Il bianco.
Il bianco è la cosa più totale che c’è. Ti risucchia, ti annulla completamente. Come questa pagina, prima che sia sporcata da parole per lo più senza senso, che rovinano per sempre la sua purezza infinita.
In montagna c’è il bianco. Le cose, le altre, sono dettagli che spuntano nel tentativo di affermarsi, di riportare in vita loro stesse e noi, a rimorchio. Le piccole macchie nere del bosco carico di neve, il fumo che esce da una casa che non si vede ma che vuole esserci per forza, sciocca e ostinata. Un paio di pellicce che camminano su piedoni colorati, senza meta apparente, incongrue, sbuffando vapore. L’odore del legno, forse.
La strada è bianca e levigata, in forte pendenza, confusa col cielo uguale, indistinto. Neve sotto e neve sopra. Neve passata, presente e futura.
Con lo stupore dei miei quindici anni scivolo sulla strada bianca, nel silenzio più simile a Dio che abbia mai sentito, un silenzio nel quale lo shhh delle lamine che costituiscono il pavimento della slitta di legno, uno slittino da quattro soldi che avrà trent’anni, lo shhhhh, dicevo, è un sussurro acuto, stridente ma dolce, amico della strada e degli alberi che ci guardano neri, altissimi.
Non sono seduto. Me l’hanno insegnato i montanari, in slitta non vai giù seduto come un babbo natale grasso e pacifico , se vuoi correre, se vuoi divertirti davvero. Fare finta che non importa se ancora non sai sciare. Si sta sdraiati a pancia sotto, con la faccia al vento e le punte dei piedi che sfiorano la terra. Un tocco del piede destro e si va a destra, un tocco del sinistro e la slitta piega a mancina. Piano però. E’ tutto un equilibrio perennemente precario. Guai a esagerare coi tocchi di piede. Lo slittino è capace di rivoltartisi contro e scartare, imbizzarrito come un ronzino fattosi destriero scalpitante, e disarcionarti senza complimenti.
Si va giù che è un piacere. La strada bianca è libera, sgombera da presenze di ogni genere, scende flessuosa di curve maestose, materne, che affronti sempre più veloce, sicuro, concentrato sulla strada bianca e sul vento freddo che ti tiene sveglio, sognante ma vigile.

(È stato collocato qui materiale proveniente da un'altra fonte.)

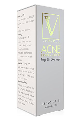 -. Binding : Misc. -. Brand : VERNELL NEW YORK -. Color : Pink -. EAN : 0820103843652 -. Feature : acne treatment / end zit -. HazardousMaterialType : Sealed Lead Acid Battery -. IsAdultProduct : 0 -. Label : Vernell New York Inc. -. Manufacturer : Vernell New York Inc. -. Model : VL750U -. MPN : vl215 -. NumberOfItems : 1 -. PackageQuantity : 1 -. PartNumber : vl215 -. ProductGroup : Beauty -. ProductTypeName : BEAUTY -. Publisher : Vernell New York Inc. -. Size : 1.5 oz. -. Studio : Vernell New York Inc. -. Title : Stop Zits Over Night Acne Drying Lotion (1.5 oz.) -. UPC : 820103843652
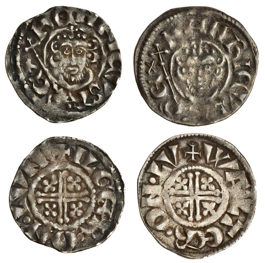 John (1199-1216), ‘Short Cross’ Coinage, Pennies (2), class 6aí1, London, 1.38g, Ilger, rev. +ilger•on•lvnd, better than good fine, 1.46g, Walter, +walter•on•lv, strictly only fine on account of the facial weakness, but a full round coin, well struck up in parts and attractive with sharp detail (N.974/1; S.1353), the second has the initial mark appearing as a cross patonce, thus it is possible to understand how the mark was fashioned (2)
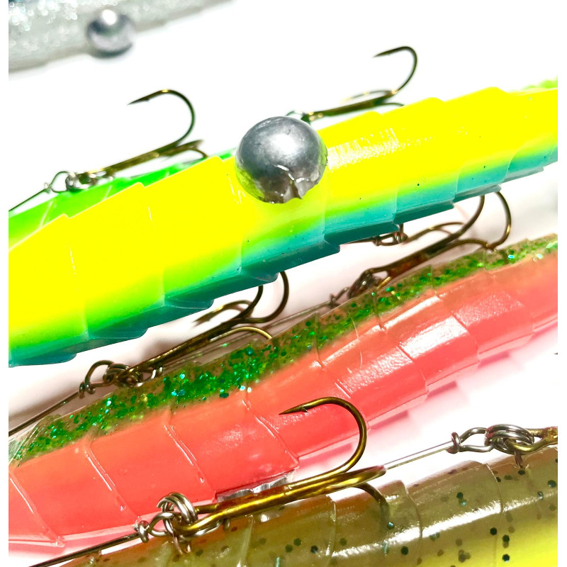 Jūsu iepirkumu grozs ir tukšs! Pilnībā aprīkota gumijas zivs Frap Geko 20cm (vietējā meistara ražojuma)- papildināta ar sistēmu, 2 gab trīsžuburu āķiem (Nr1 un Nr1/0) un 8gr atsvaru (lai māneklis ūdenī negrieztos riņķī). Īpaši Latvijas ūdeņiem piemēroti dažādi krāsojumi un gumijas cietības, kas padara šo mānekli elastīgāku un kustīgāku. Kopējais svars 56gr Pieejamas dažādas krāsas no veikalā esošā sortimenta (tas var mainīties).
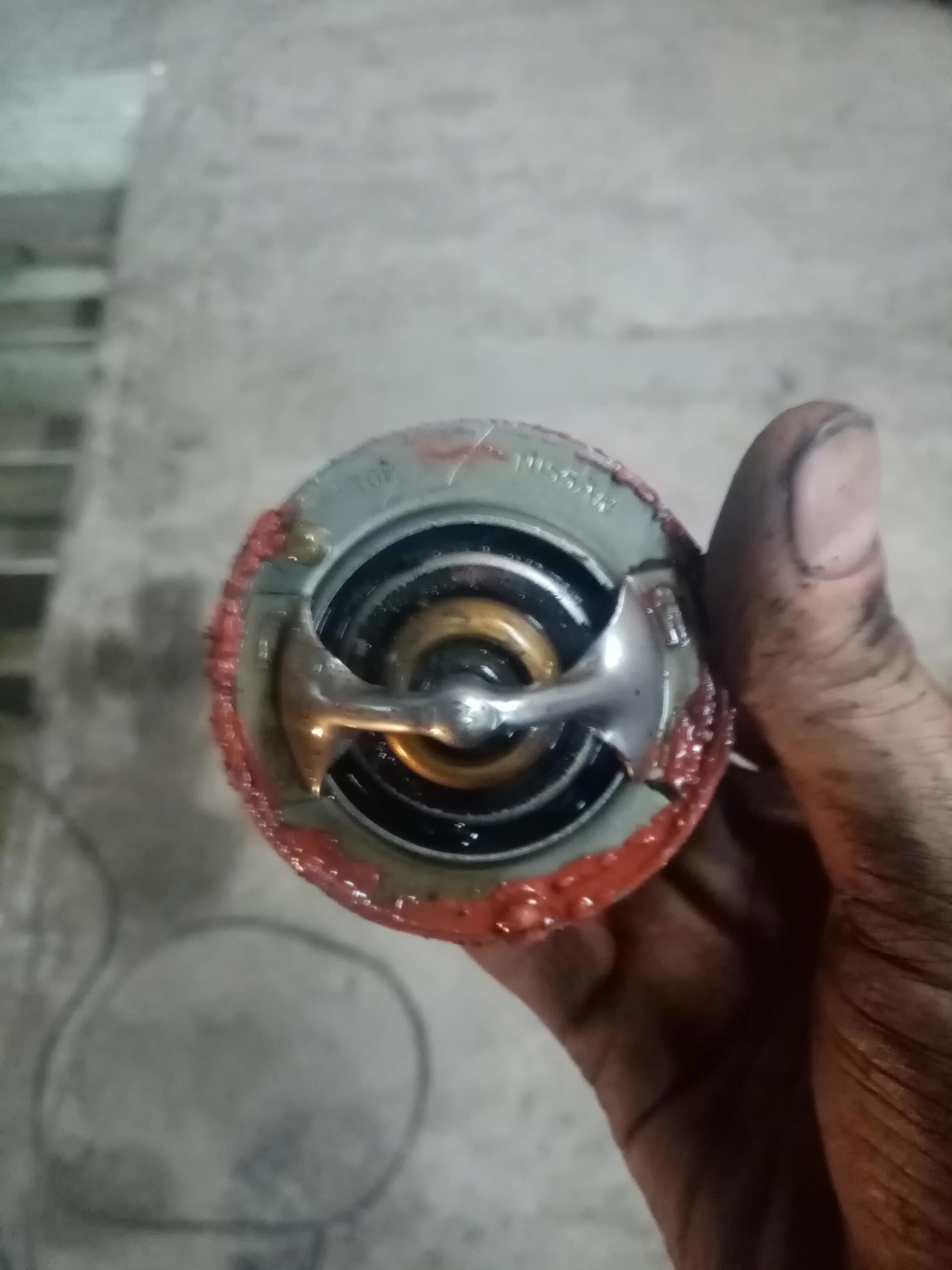 Старый термостат был намертво приклеен на красный герметик. На вид как живой, только не живой.
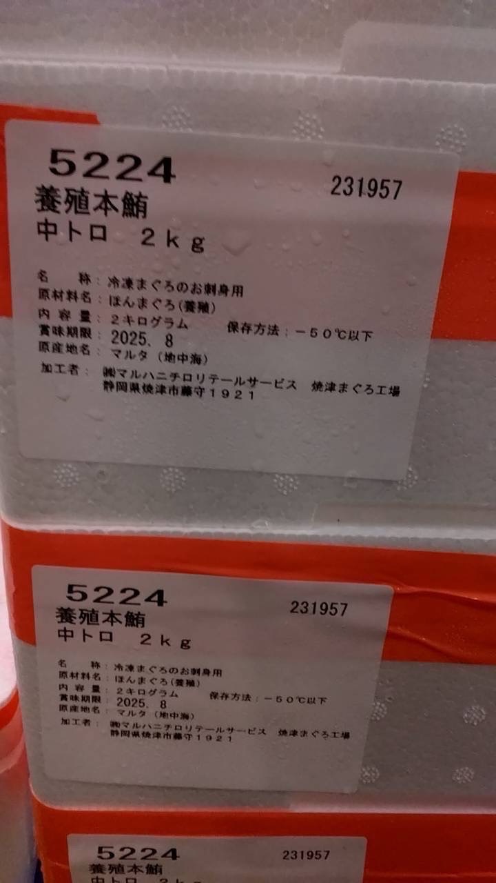 地中海 マルタ他 養殖本マグロ中トロ柵 6柵入 2k箱
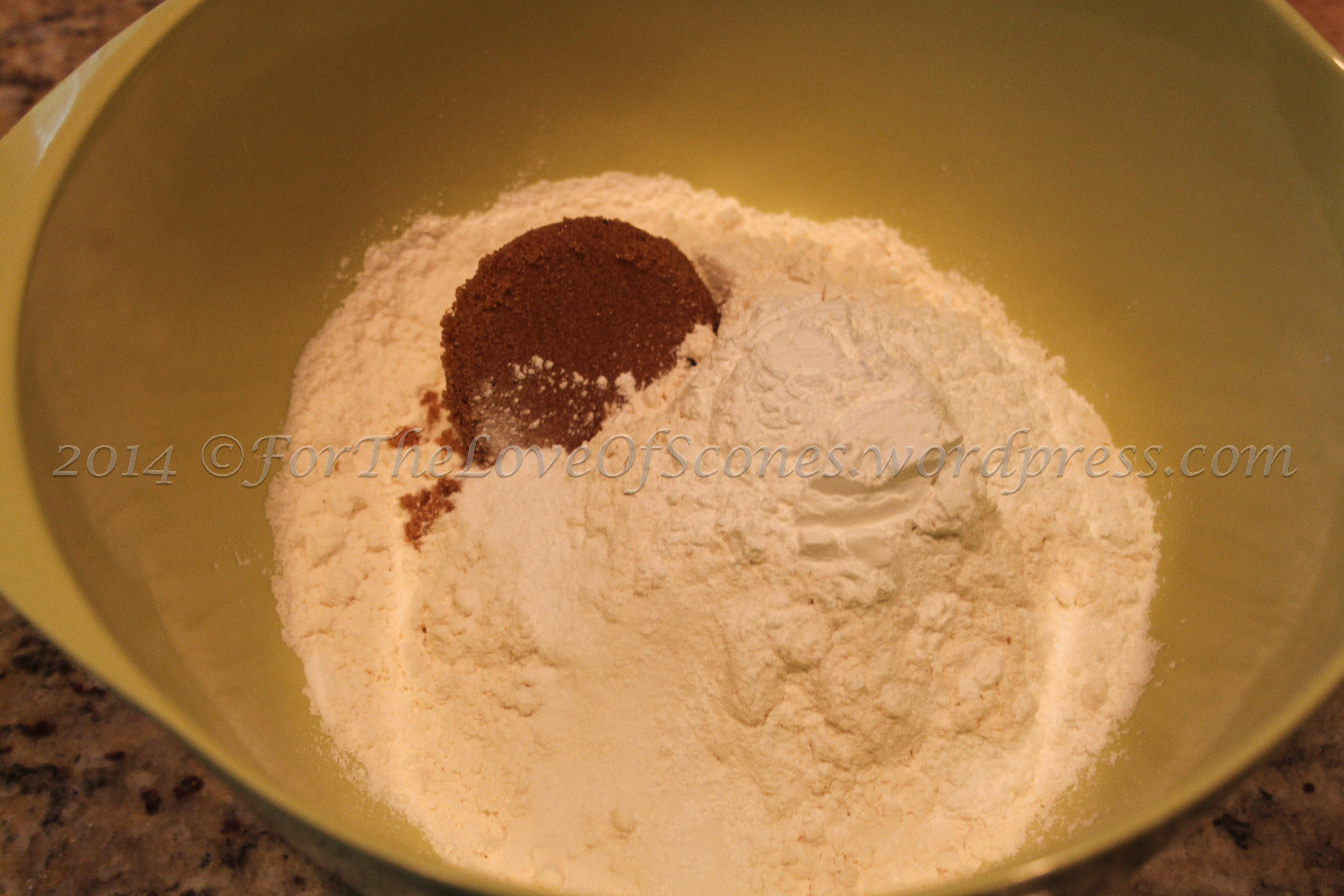 2) When your bacon is done and cooling off the stove, preheat the oven to 450ºF. Whisk the flour, brown sugar, baking powder, baking soda, and salt together in a large bowl.

Il rettilineo finale. Il bianco comincia a rompersi, a sfrangiarsi in segnali banali, quasi volgari. Le case cercano di riaffermare la loro sciocca supremazia sugli abeti, il colore riappare qua e là, subdolo.
Una macchina blu è ferma sul rettilineo, e occupa quasi tutta la strada. Le sue ruote slittano, non riesce né ad avanzare né ad indietreggiare, produce rumore e un incredibile quantità di fumo dallo scappamento.
Potrei inchiodare il piede destro nella neve e scartare bruscamente per poi ribaltarmi, senza gravi danni. Al massimo una botta sul sedere. Potrei buttarmi direttamente nel fosso che segue la strada sempre, come un angelo custode, e finire nei cumuli di neve fresca. Un po’ di ammaccature, intirizzito, fradicio ma col sorriso sulle labbra a mascherare la vergogna del solito cittadino imbranato, rimesso in piedi dal montanaro burbero di poche, sfottenti parole in dialetto veneto.
Invece scelgo di provarci. C’è lo spazio per passare, a sinistra, di fare figuracce coi montanari non mi va mica tanto. Ce la posso fare, eccome.
Ma il cervello non è lucido come credo e il piede non dosa il suo tocco a dovere. La slitta fa una ventina di metri a zig zag, la targa della macchina blu diventa sempre più grande, BL 786553, all’ultimo mi sollevo dalla slitta in un tentativo istintivo di parare il colpo.
Probabilmente si sente il crac. Il dolore non è fortissimo, almeno non come l’orrore di sentire un osso della spalla che fluttua liberamente all’interno del luogo dove, finora, aveva svolto le sue silenziose mansioni. osso di cui non conoscevi esistenza e nome.
Si chiama clavicola quell’osso. Da allora lo so.